> Exercise: The output should match, line for line, the records from the line containing "着心地:ソフトな生地感で春夏" through the line containing "Het perceel waarop", with every picture left out.

> Records for processing:
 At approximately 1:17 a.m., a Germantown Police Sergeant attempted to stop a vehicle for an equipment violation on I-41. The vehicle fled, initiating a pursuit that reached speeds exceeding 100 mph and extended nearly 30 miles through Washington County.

--

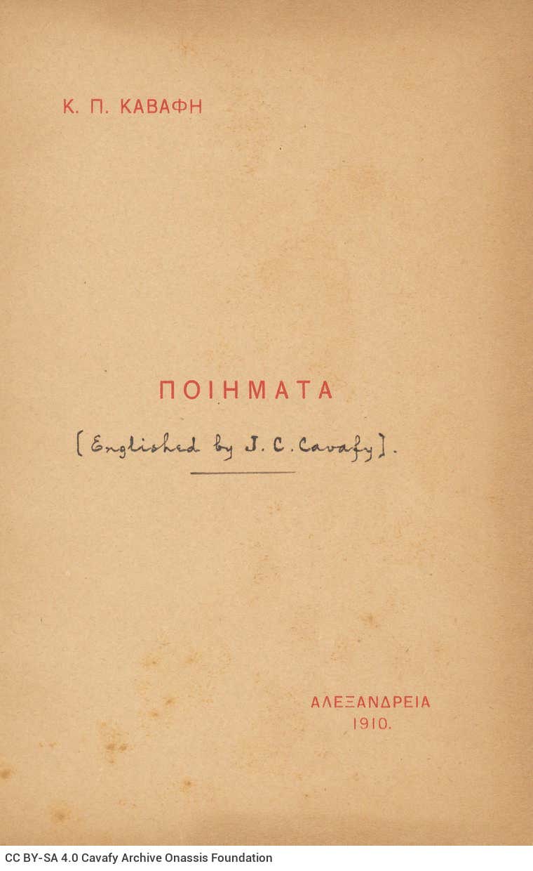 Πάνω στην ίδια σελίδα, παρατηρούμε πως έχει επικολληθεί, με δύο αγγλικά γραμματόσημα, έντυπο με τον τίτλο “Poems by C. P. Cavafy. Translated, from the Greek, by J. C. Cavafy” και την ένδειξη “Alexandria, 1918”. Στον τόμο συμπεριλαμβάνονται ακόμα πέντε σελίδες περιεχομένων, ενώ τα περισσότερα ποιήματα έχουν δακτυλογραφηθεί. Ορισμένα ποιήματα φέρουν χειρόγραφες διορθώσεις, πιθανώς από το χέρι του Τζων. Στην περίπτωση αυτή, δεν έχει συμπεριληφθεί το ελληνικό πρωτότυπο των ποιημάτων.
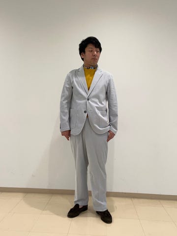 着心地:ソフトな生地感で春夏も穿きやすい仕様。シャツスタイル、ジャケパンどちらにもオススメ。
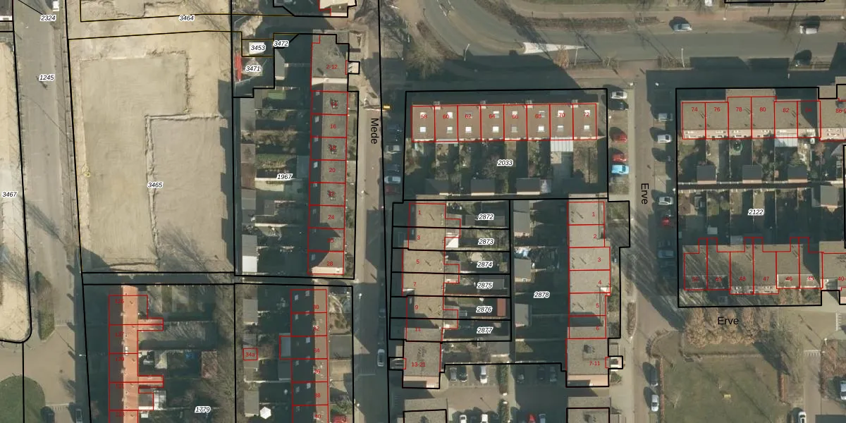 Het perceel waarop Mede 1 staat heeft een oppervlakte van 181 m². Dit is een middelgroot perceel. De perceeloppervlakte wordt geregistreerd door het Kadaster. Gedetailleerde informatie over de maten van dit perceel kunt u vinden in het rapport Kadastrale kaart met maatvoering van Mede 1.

...

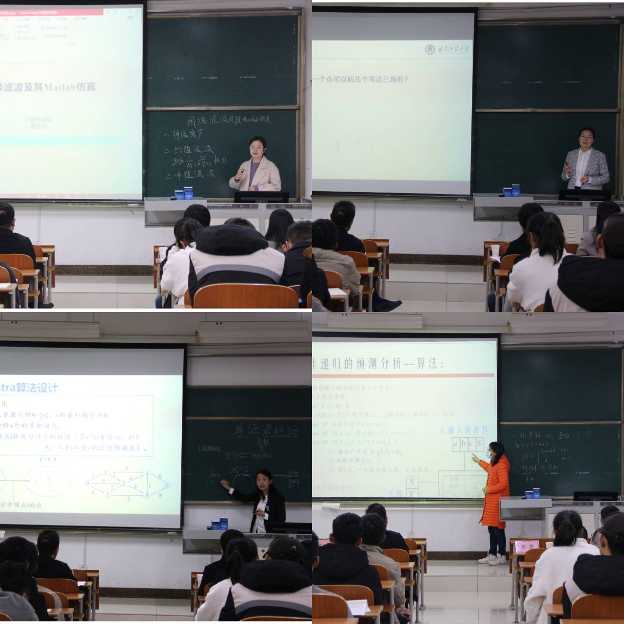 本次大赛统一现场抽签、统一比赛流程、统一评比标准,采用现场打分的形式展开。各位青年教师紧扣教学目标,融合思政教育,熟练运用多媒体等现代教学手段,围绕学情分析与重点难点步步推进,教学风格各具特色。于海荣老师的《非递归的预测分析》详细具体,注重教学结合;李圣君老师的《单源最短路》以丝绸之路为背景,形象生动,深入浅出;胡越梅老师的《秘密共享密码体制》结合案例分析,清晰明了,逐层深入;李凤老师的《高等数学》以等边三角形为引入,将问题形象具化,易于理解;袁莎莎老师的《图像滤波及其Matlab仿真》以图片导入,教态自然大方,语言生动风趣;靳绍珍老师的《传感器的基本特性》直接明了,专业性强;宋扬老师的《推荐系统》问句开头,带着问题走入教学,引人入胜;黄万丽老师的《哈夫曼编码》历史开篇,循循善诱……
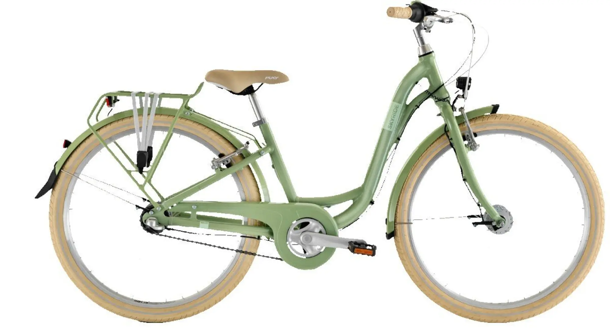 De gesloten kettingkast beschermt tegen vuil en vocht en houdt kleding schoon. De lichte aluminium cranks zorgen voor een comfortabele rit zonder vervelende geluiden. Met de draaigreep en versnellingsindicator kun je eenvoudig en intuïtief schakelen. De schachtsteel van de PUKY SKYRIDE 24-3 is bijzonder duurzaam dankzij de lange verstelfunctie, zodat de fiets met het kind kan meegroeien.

> Response area:
 着心地:ソフトな生地感で春夏も穿きやすい仕様。シャツスタイル、ジャケパンどちらにもオススメ。
 Het perceel waarop Mede 1 staat heeft een oppervlakte van 181 m². Dit is een middelgroot perceel. De perceeloppervlakte wordt geregistreerd door het Kadaster. Gedetailleerde informatie over de maten van dit perceel kunt u vinden in het rapport Kadastrale kaart met maatvoering van Mede 1.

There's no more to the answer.